GIVEN DATA
--- START ---

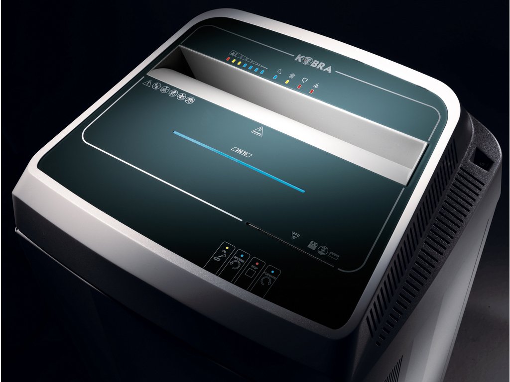 Profesionální skartovačka s dotykovým displejem, kdy se všechny ovládací prvky aktivují pouhým dotykem panelu. Tepelná ochrana výkonného 2600 W motoru umožňuje 24 hodin nepřetržitého provozu bez přehřátí a pracovního cyklu. Skartovač Kobra 410 TS C4 dokáže najednou skartovat až 56 listů v křížovém řezu 3,9 x 40 mm (P-4). Dokáže skartovat i průhledné folie. Odolný řetězový pohon s ocelovými převody a řezacími noži z tvrzené uhlíkové oceli nabízejí spolehlivost a odolnost proti opotřebení.
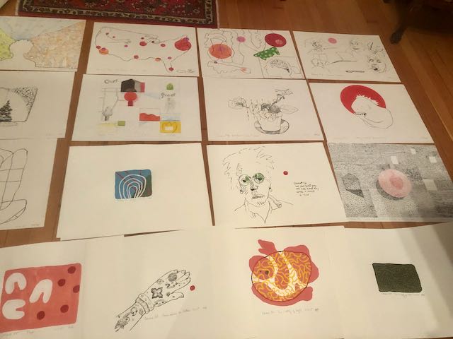 This east wall will have a grid of 16 of the 65 new Corona Series drawings I’ve been working on during quarantine
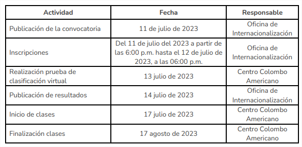 Institución oferente: Centro Colombo Americano de Bogotá
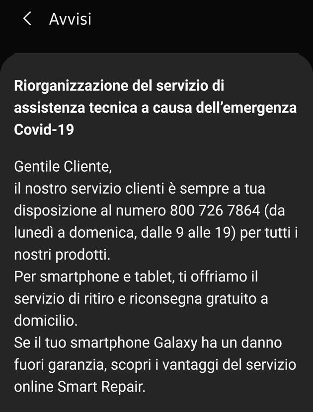 La comunicazione di Samsung sulla riorganizzazione del servizio di assistenza tecnica a causa dell’emergenza COVID-19

--- END ---

WORK TASK
Return every line above word for word, minus images.

YOUR SOLUTION
 Profesionální skartovačka s dotykovým displejem, kdy se všechny ovládací prvky aktivují pouhým dotykem panelu. Tepelná ochrana výkonného 2600 W motoru umožňuje 24 hodin nepřetržitého provozu bez přehřátí a pracovního cyklu. Skartovač Kobra 410 TS C4 dokáže najednou skartovat až 56 listů v křížovém řezu 3,9 x 40 mm (P-4). Dokáže skartovat i průhledné folie. Odolný řetězový pohon s ocelovými převody a řezacími noži z tvrzené uhlíkové oceli nabízejí spolehlivost a odolnost proti opotřebení.
 This east wall will have a grid of 16 of the 65 new Corona Series drawings I’ve been working on during quarantine
 Institución oferente: Centro Colombo Americano de Bogotá
 La comunicazione di Samsung sulla riorganizzazione del servizio di assistenza tecnica a causa dell’emergenza COVID-19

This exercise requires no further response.